最后在一处隐蔽的大楼前停下车。

    两人下车,面前大楼大门敞开,异常寂静。

    两人从车里拿出行李,往大楼里走。

    喻黎从大门出来,和他俩打招呼:“来啦。你俩真是太准时了。”

    带着他们走进大楼。

    能看到敞开的大门里,有十多个人拿着武器盯着外面警戒。

    “你们最近怎么样?还安全吗?”

    跟着喻黎上楼,一路擦肩而过的幸存者对池响微笑点头,池响也回以微笑。

    喻黎走在前面,“安全。这一个月都没看到过几个丧尸。”

    比起其他人对丧尸突然消失的警惕,喻黎倒是不想那么多。

    他同池响说:“说不定就是你们想的太多,丧尸不出来还不好,这几个月过的可太棒了。”

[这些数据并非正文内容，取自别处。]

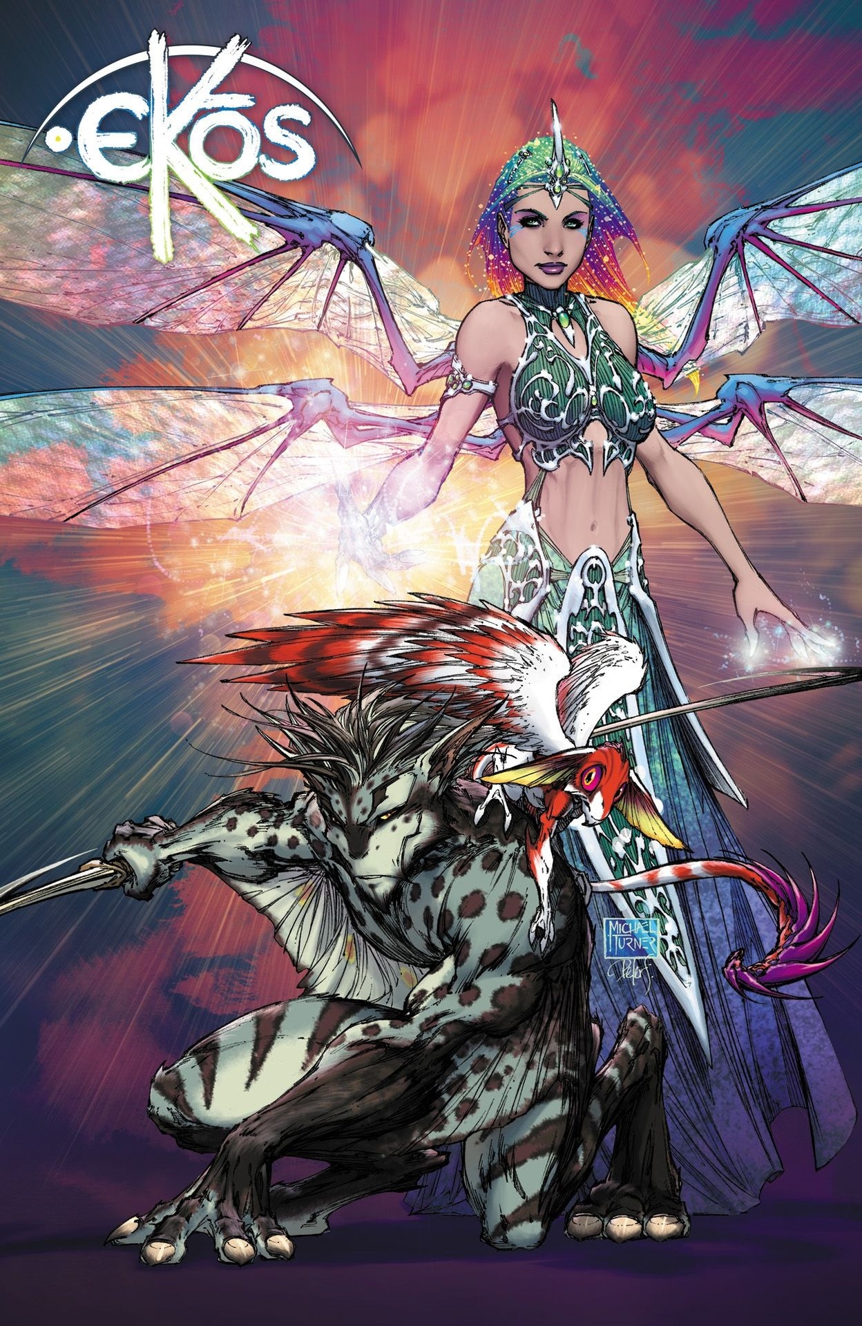 Ekos began as a six-page comic by Michael Turner and Geoff Johns published in Wizard magazine in 2004. It introduced Grell, originally a gliding, feline humanoid whose planet was invaded by humans. Turner later co-created Fathom and Soulfire, and his characters have continued to have a following after his death in 2008 at age 37.

    末世之初的喻黎是个高中生,四年过去了也刚二十岁。

    池响笑笑,没说什么。

    末世里,让小孩子想太多太残忍。

    上楼,喻黎把他们带到房间,和门口的老胡打招呼。

    “人带到了,我下去了啊。”

    摆摆手,喻黎消失在楼梯处。

    进门,房间内有些凌乱,纸张铺满地。

    男人见两人进来,从纸堆里站起来,收起一部分纸,给两人留出坐的地方。

    男人正是老胡喻黎等人口中的老大,此时他脸上戴着一个巨大黑色口罩。

    即便口罩已经盖住他半边脸,却还能看到从额头蔓延向下的撕裂伤口。

    “最近周围有没有什么异动?”池响问道。

    男人把口罩向上拉了拉,口罩外的眼睛微弯,笑道:“难得安全。”

    “不管怎样,托这些丧尸的福,这八个月我们在这里难得的安全,不用天天担心被发现,真是让人松一口气。”

    两人寒暄了一会儿。

    门被敲响,小贾拿着两个试剂进来。

    江恪轻车熟路的撩起衣袖。

    小贾没学过护士,注射手法非常残暴。

    男人看着直直插在自己手臂上的巨大针头,即便感觉不到疼,但心理这关还是过不去,额间冒着细汗:“小贾啊,都快三年了,怎么还学不会注射呢?”

    刚把针头竖着扎进江恪手臂的小贾收拾好空试剂瓶,毫不在意的说:“你们俩又感觉不到疼,有什么关系?”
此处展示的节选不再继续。